> _Exercise_
Full transcription, minus images: write out the listing below exactly as it appears.
═══ Supplied material ═══
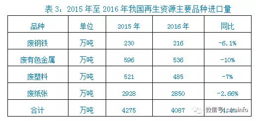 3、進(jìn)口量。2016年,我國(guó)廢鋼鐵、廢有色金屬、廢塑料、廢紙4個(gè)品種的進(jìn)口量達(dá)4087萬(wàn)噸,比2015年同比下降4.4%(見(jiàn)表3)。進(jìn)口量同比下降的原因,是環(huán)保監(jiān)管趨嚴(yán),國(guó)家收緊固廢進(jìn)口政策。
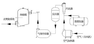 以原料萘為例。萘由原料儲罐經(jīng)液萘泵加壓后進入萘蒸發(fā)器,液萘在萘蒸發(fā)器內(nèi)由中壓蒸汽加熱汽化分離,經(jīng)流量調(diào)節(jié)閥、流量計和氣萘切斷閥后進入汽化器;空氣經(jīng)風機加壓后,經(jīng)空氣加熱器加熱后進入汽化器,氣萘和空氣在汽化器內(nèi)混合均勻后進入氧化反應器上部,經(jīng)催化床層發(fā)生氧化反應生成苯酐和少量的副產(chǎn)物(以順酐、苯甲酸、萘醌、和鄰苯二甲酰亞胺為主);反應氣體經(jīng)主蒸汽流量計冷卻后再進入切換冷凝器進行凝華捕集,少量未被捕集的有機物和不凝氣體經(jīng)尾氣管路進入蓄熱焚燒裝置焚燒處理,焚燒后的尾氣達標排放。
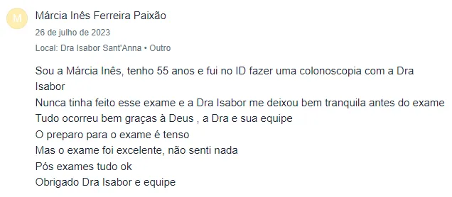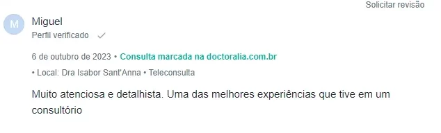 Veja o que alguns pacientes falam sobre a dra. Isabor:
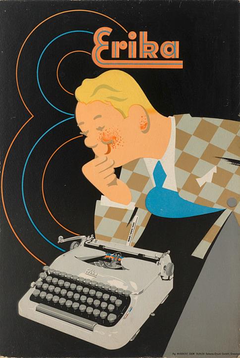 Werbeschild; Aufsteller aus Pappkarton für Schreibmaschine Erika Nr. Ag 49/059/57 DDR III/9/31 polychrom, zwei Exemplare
═══
> _Answer section_
 3、進(jìn)口量。2016年,我國(guó)廢鋼鐵、廢有色金屬、廢塑料、廢紙4個(gè)品種的進(jìn)口量達(dá)4087萬(wàn)噸,比2015年同比下降4.4%(見(jiàn)表3)。進(jìn)口量同比下降的原因,是環(huán)保監(jiān)管趨嚴(yán),國(guó)家收緊固廢進(jìn)口政策。
 以原料萘為例。萘由原料儲罐經(jīng)液萘泵加壓后進入萘蒸發(fā)器,液萘在萘蒸發(fā)器內(nèi)由中壓蒸汽加熱汽化分離,經(jīng)流量調(diào)節(jié)閥、流量計和氣萘切斷閥后進入汽化器;空氣經(jīng)風機加壓后,經(jīng)空氣加熱器加熱后進入汽化器,氣萘和空氣在汽化器內(nèi)混合均勻后進入氧化反應器上部,經(jīng)催化床層發(fā)生氧化反應生成苯酐和少量的副產(chǎn)物(以順酐、苯甲酸、萘醌、和鄰苯二甲酰亞胺為主);反應氣體經(jīng)主蒸汽流量計冷卻后再進入切換冷凝器進行凝華捕集,少量未被捕集的有機物和不凝氣體經(jīng)尾氣管路進入蓄熱焚燒裝置焚燒處理,焚燒后的尾氣達標排放。
 Veja o que alguns pacientes falam sobre a dra. Isabor:
 Werbeschild; Aufsteller aus Pappkarton für Schreibmaschine Erika Nr. Ag 49/059/57 DDR III/9/31 polychrom, zwei Exemplare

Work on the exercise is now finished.